Without treatment, biotinidase deficiency can present with seizures, low muscle tone, developmental delay, rash, hair loss, breathing problems, feeding difficulties, hearing loss, or optic nerve involvement. Some patients experience more noticeable symptoms during infections, fever, or other stressors. Screening and early treatment can significantly alter the disease course.

Diagnosis

Diagnosis is primarily based on serum biotinidase activity testing, and can be confirmed with BTD gene testing to determine subtype and genetic risk. An abnormal newborn screening result does not equal a confirmed diagnosis but requires timely follow-up testing. Patients who already have neurological, skin, hearing, or vision problems also need specialist evaluation.

Treatment

The core of treatment is long-term supplementation with free biotin under a doctor's guidance. Early treatment can usually prevent many symptoms; hearing or vision damage that has already occurred may not fully reverse, making early identification especially important. Specific supplementation dose, follow-up frequency, and special situation management should be determined by a genetic metabolism specialist.

Long-term Care

Long-term follow-up focuses on growth and development, neurological status, skin health, hearing, vision, and treatment adherence.
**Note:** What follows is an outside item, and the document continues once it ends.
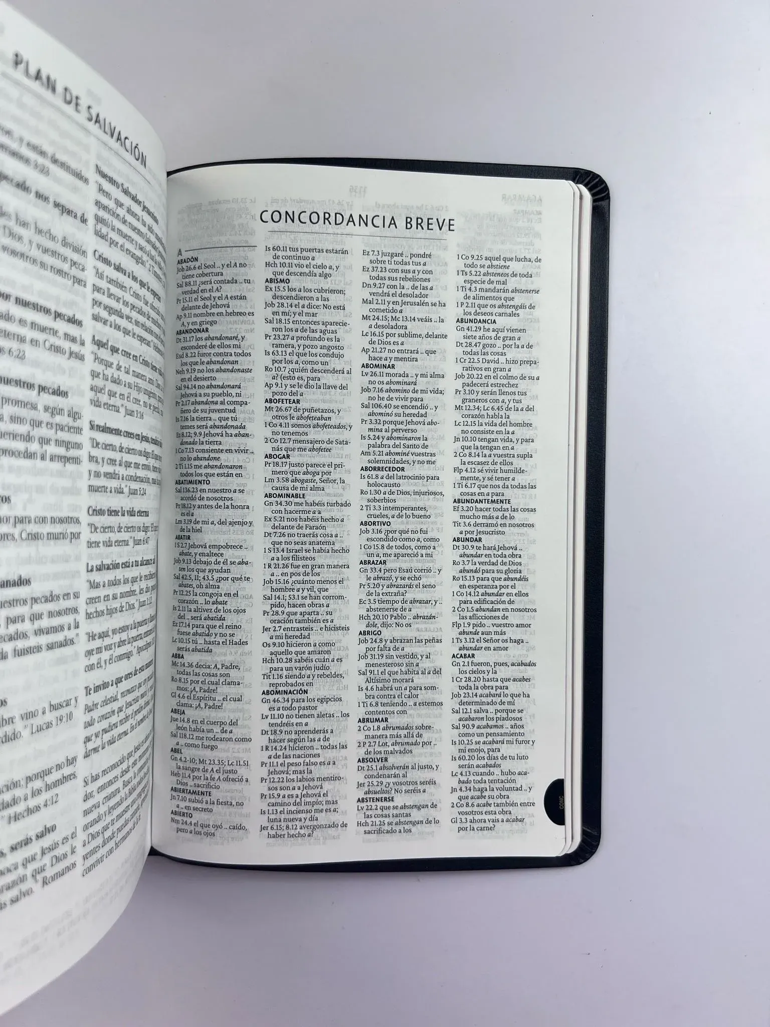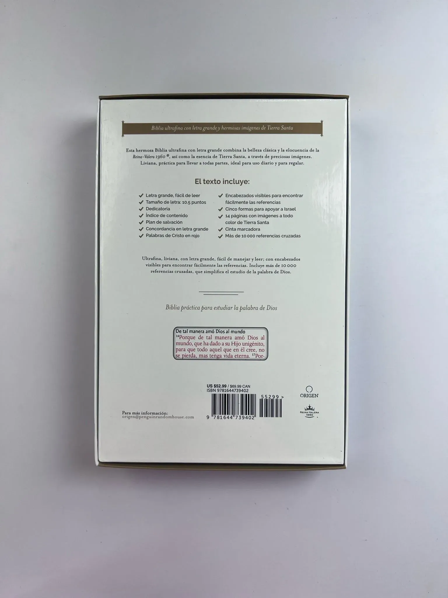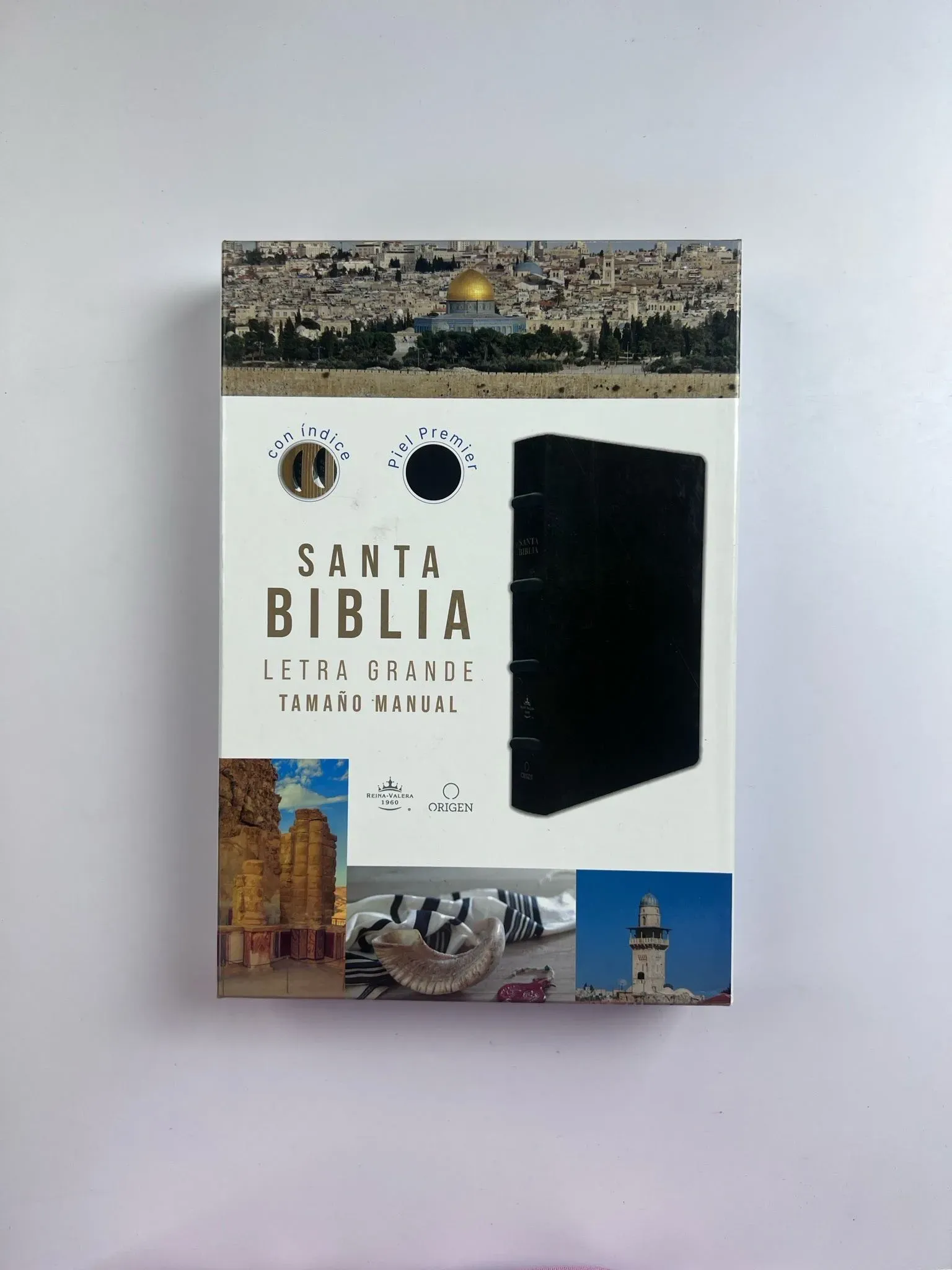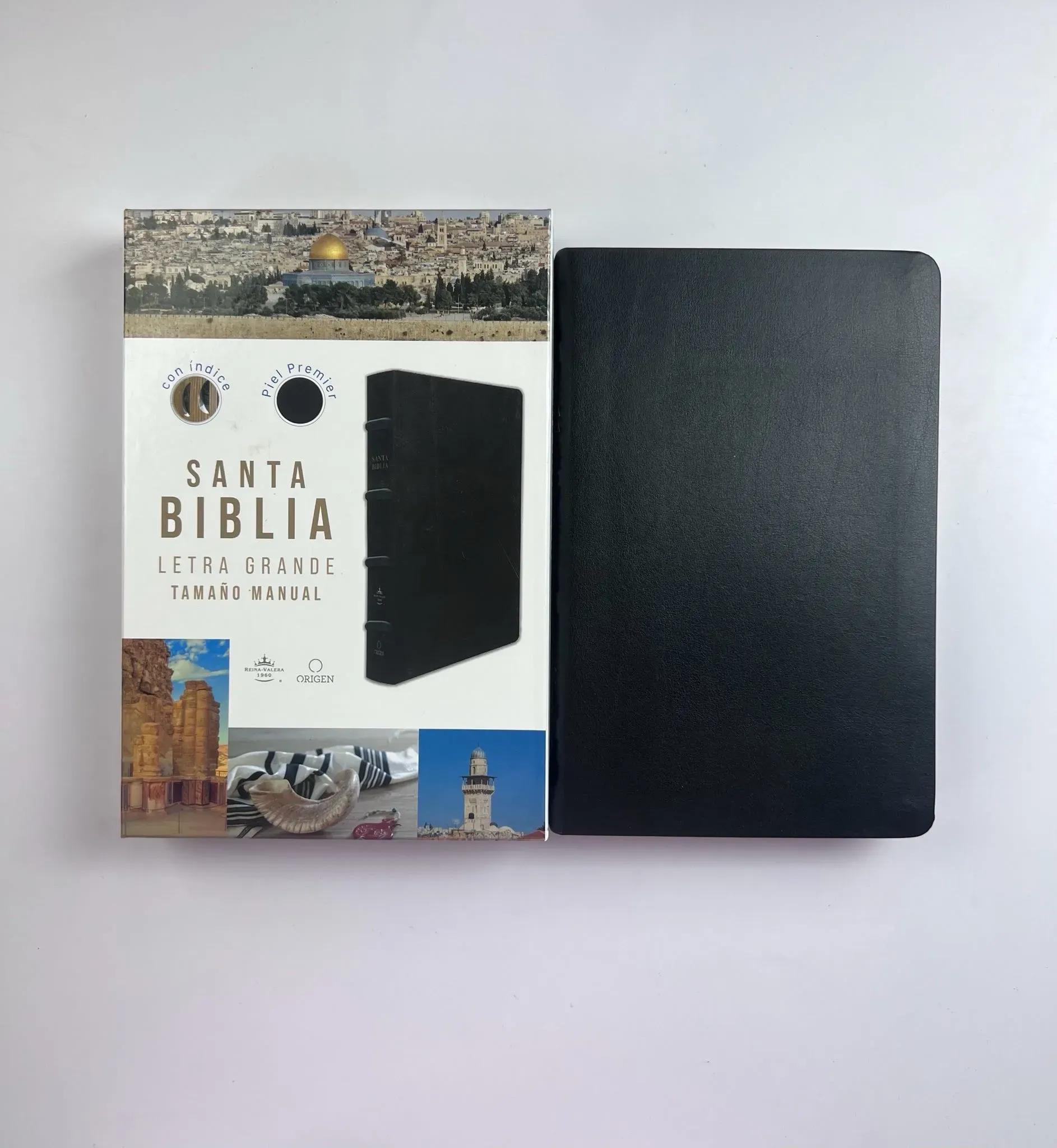 Biblia tamaño manual, ultrafina y con letra grande. Piel Premier negra con índice en una caja de presentación, con cinta marcadora y fotos a color de Tierra Santa.

Families should keep diagnostic records and medication instructions, and avoid stopping treatment on their own. When the child enters kindergarten, school, or receives care in a different location, a brief medical summary can be prepared to help caregivers understand the importance of continuous supplementation.

Fertility and Family

This condition is typically inherited in an autosomal recessive pattern. Affected families can learn about options such as parental carrier testing, sibling screening, recurrence risk for future pregnancies, prenatal diagnosis, or preimplantation genetic testing through genetic counseling.

When to Seek Urgent Care

If seizures are prolonged, consciousness is altered, breathing is difficult, there is significant drowsiness, repeated vomiting, low blood sugar, or signs of metabolic acidosis, seek emergency care promptly. Inform the doctor about the suspected or confirmed diagnosis of biotinidase deficiency and the current supplementation plan.

Prognosis

Early screening and continuous treatment can usually prevent many symptoms; hearing or vision damage that has already occurred may not be fully reversible.